### Activity
Your copy should hold only the lines from the one containing "[대전 세계타임즈=이채봉 기자]" through the final line of the entries, exactly as written, with no pictures.

(Collected data entries)

===

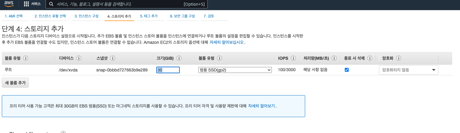 다음은 스토리지 인데 최대치인 30GB로 변경 해줍니다. 더 높게 잡으면 비용이 청구가 됩니다! ㅋㅋ
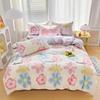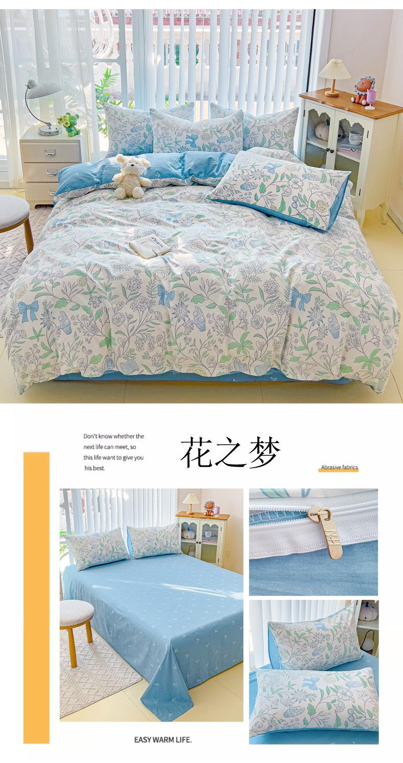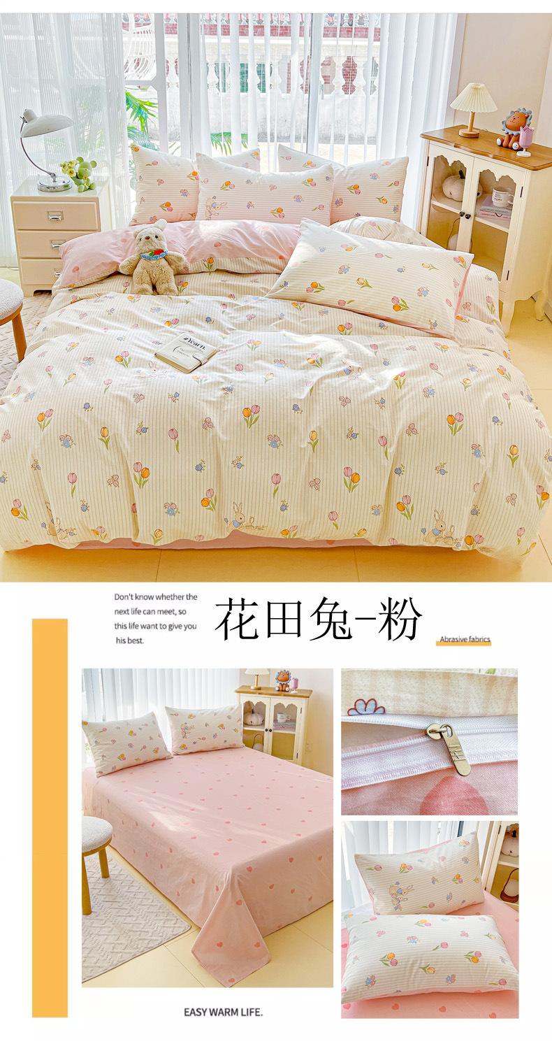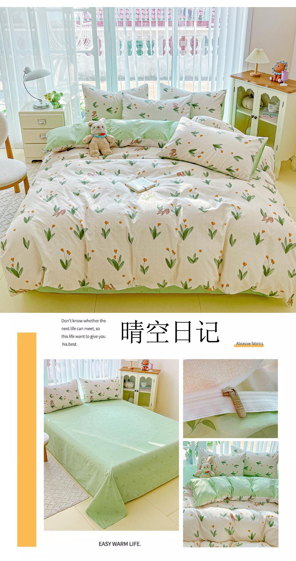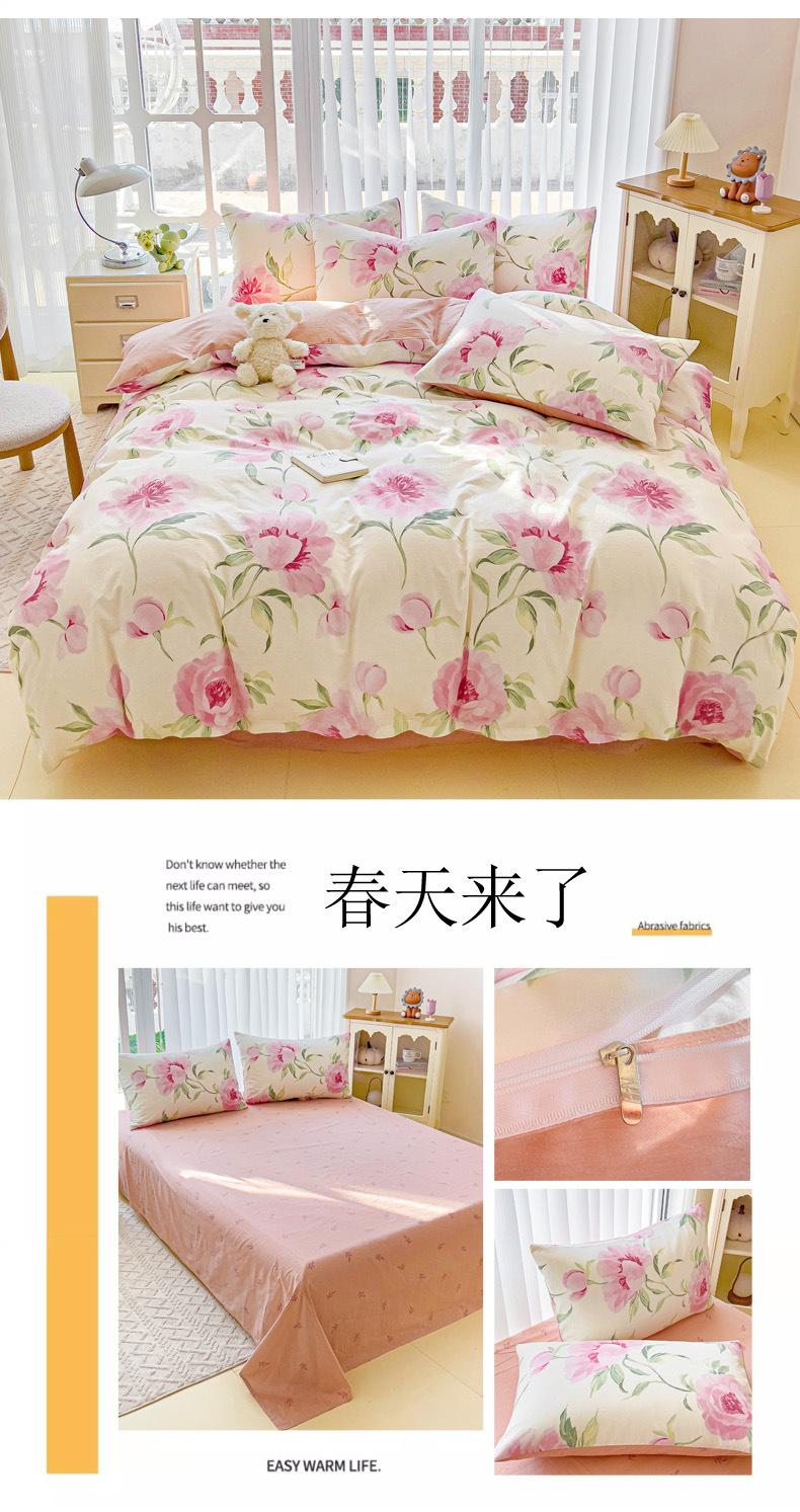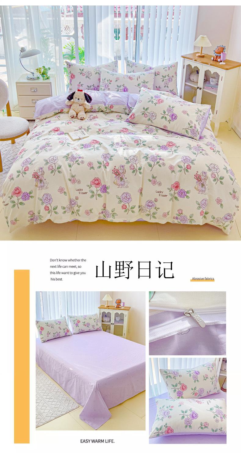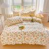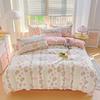 Set de cuatro piezas de algodón estampado Sarga Algodón puro Floral Funda nórdica Sábana de cama Sábana bajera Primavera y verano Ropa de cama sencilla Estilo sábana bajera
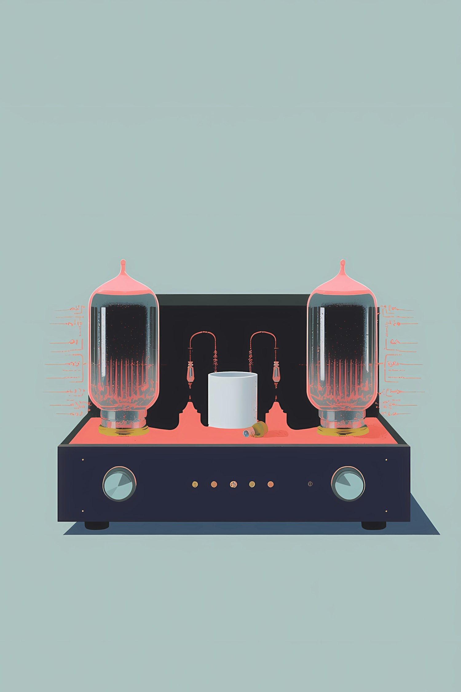 Stylized illustration of a retro audio amplifier with glowing vacuum tubes, blending vintage design with modern aesthetics.
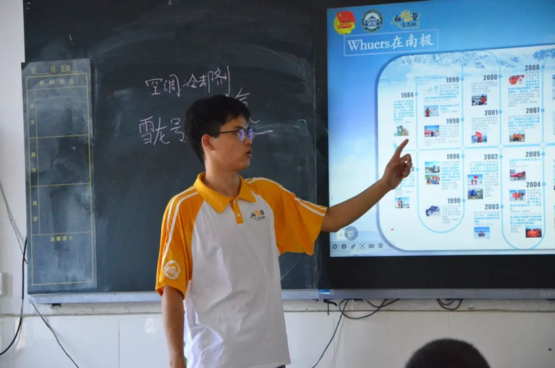 “我们该讲些什么才能真正让孩子们有所收获?”这是支教队在筹备课程时一直在思考的问题。为此,支教队按高、中、低年级三类为不同年龄学生划分班级,确定主要负责队员,建立对应的教学组。根据队员们的不同专业优势,开设诸如南极科普、心理辅导、折纸、安全教育等充满特色的课程。“最令我印象深刻的一堂课是向孩子们宣讲习近平总书记给51论坛 参加中国南北极科学考察队师生代表的重要回信精神”,2024年向日葵支教队队长谢峥分享道。从科考船到测绘专业的介绍,从科技装备的展示到“重要回信精神”内涵阐释,“用国家的大事业磨砺青年人的真本领”的谆谆嘱托通过支教队的分享在孩子们心中生根发芽。
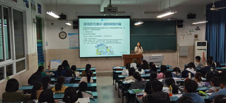 还邀请高校园区派出所的周英坤警官在院实验楼101报告厅开展以“平安校园,你我同行”为主题的校园安全讲座,通过具体的案例帮助同学们了解涉嫌诈骗和虚假的信息,并提醒同学们时刻将“安全”二字记在心间。
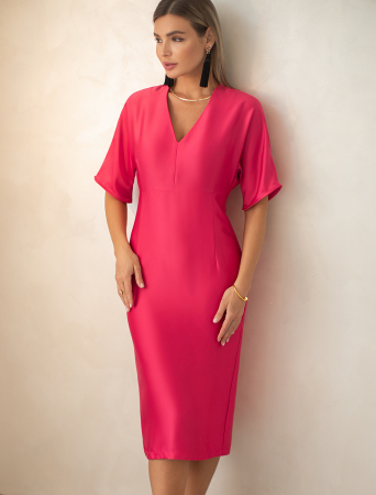 Платье с глубоким V-вырезом и рукавом «летучая мышь» выполнено из тончайших нитей плотного сатина, плетение которых создает полуматовый блеск, напоминающий натуральный шёлк. Модель с длинными глубокими вытачками спереди и сзади выглядит скульптурно, но за счет струящейся ткани сохраняется плавность силуэта. Ткань почти не мнется и имеет легкий вес. Комфортная длина ниже колена и застежка на молнию.
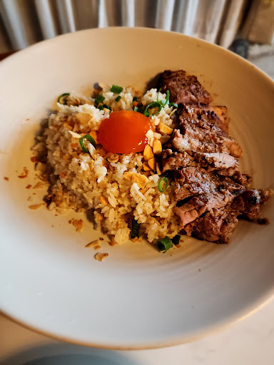 The plate of fried rice came with a slab of grilled beef, medium and sliced. The rice itself was garnished with crispy fried garlic and and egg yolk. I wish the yolk would be runny but it was actually almost fully cooked. The steak was fantastic, tender and juicy. The crispy garlic added more flavours to the rice as did the pickled green chilli, although I wish the latter could be crunchy and not soft and marshy. Its sourness did help to cut through the greasiness of the fried rice though.
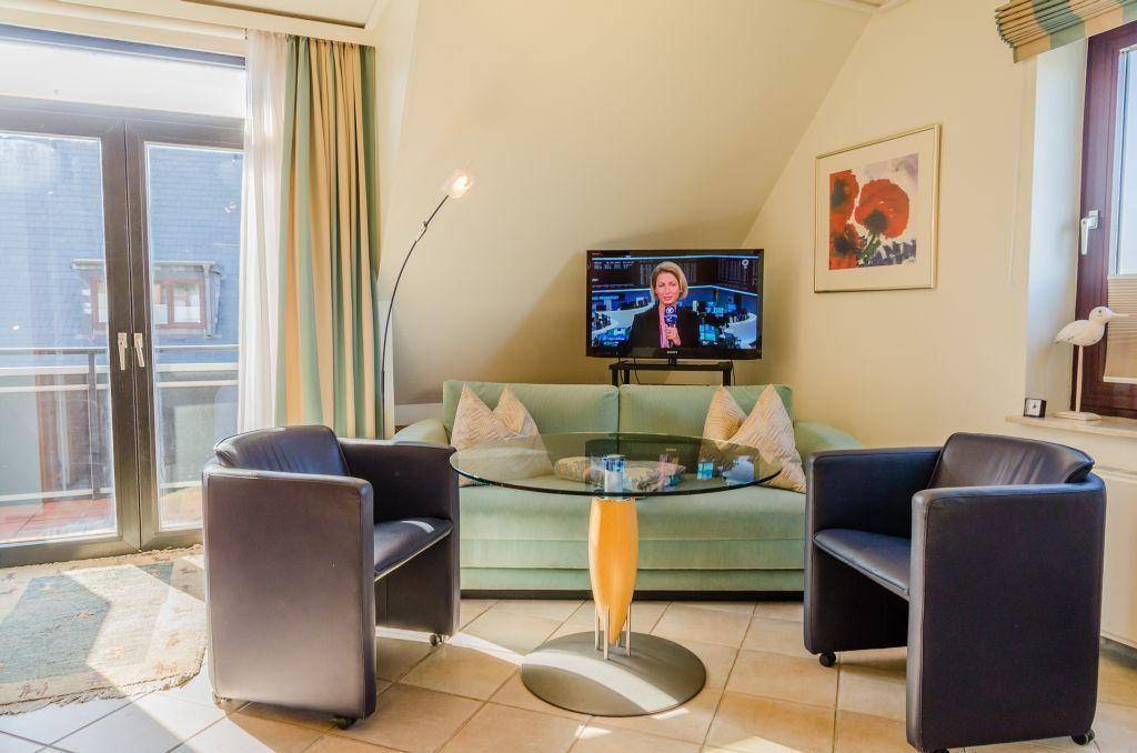 Das Wohnzimmer lädt mit einem gemütlichen Sofa, Sesseln und einem TV zu entspannten Stunden ein. Der direkte Zugang zum möblierten Süd-Balkon bietet die perfekte Möglichkeit, die Sonne zu genießen und das maritime Flair zu spüren.
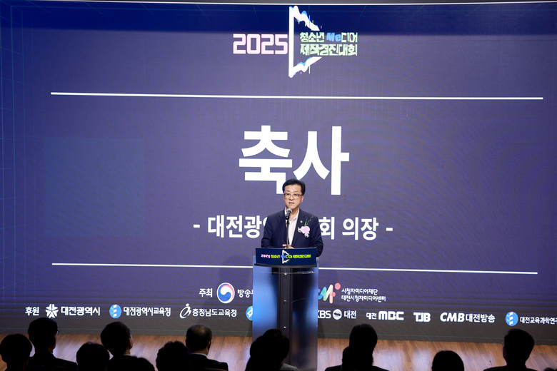 [대전 세계타임즈=이채봉 기자] 대전시의회 조원휘 의장은 14일 대전시청자미디어센터에서 개최된 2025 청소년 미디어제작 경진대회 시상식에 참석해 대회의 성공적 개최를 기원하며 지역사회에 대한 청소년들의 높은 관심과 열정을 응원했다.
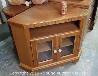 Lot #0120: Wood Grain Finish Corner Media Cabinet

===

### Task solution
 [대전 세계타임즈=이채봉 기자] 대전시의회 조원휘 의장은 14일 대전시청자미디어센터에서 개최된 2025 청소년 미디어제작 경진대회 시상식에 참석해 대회의 성공적 개최를 기원하며 지역사회에 대한 청소년들의 높은 관심과 열정을 응원했다.
 Lot #0120: Wood Grain Finish Corner Media Cabinet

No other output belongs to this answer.